Using the entries below, copy exactly each line from the line with "- 22 oz bag" up to and including the line with "Дизельний генератор Hyundai", with every picture left out.

----- DATASET RECORDS -----

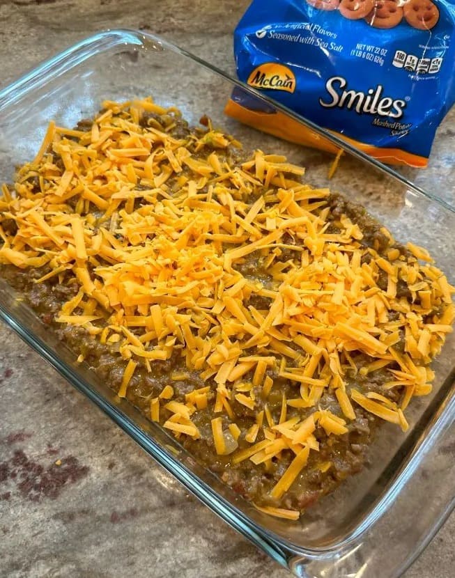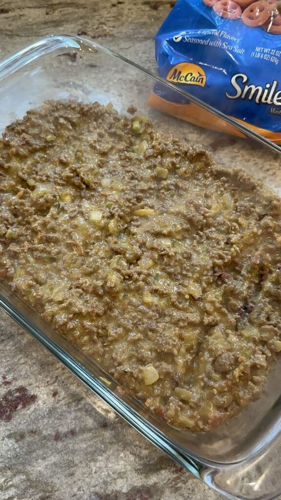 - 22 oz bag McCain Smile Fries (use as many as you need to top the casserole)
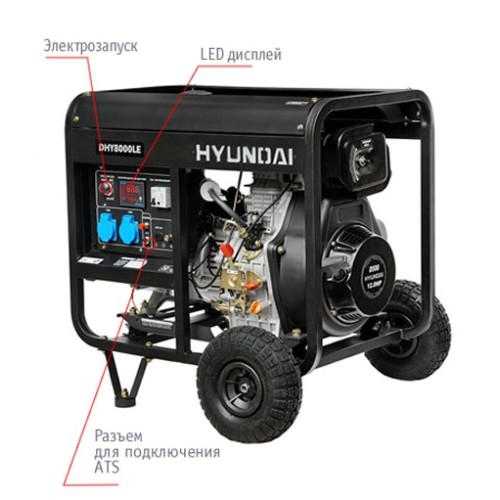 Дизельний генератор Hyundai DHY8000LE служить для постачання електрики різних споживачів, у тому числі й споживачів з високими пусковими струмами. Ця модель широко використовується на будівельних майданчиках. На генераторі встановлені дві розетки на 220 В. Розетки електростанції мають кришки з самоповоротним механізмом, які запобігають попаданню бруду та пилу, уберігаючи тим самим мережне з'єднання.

-----
----- DATASET RECORDS -----

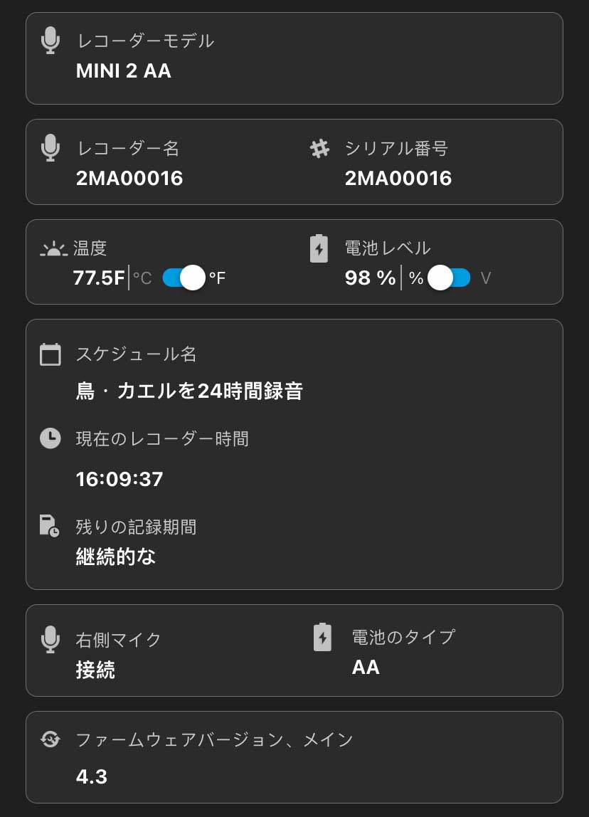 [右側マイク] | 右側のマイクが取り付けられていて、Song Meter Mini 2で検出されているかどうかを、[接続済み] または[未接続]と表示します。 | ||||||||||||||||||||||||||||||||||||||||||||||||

-----
----- DATASET RECORDS -----

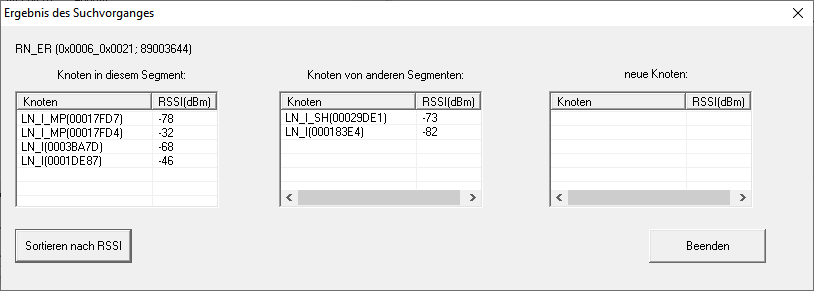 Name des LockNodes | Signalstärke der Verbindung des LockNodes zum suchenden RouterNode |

-----

== EXERCISE RESPONSE ==
 - 22 oz bag McCain Smile Fries (use as many as you need to top the casserole)
 Дизельний генератор Hyundai DHY8000LE служить для постачання електрики різних споживачів, у тому числі й споживачів з високими пусковими струмами. Ця модель широко використовується на будівельних майданчиках. На генераторі встановлені дві розетки на 220 В. Розетки електростанції мають кришки з самоповоротним механізмом, які запобігають попаданню бруду та пилу, уберігаючи тим самим мережне з'єднання.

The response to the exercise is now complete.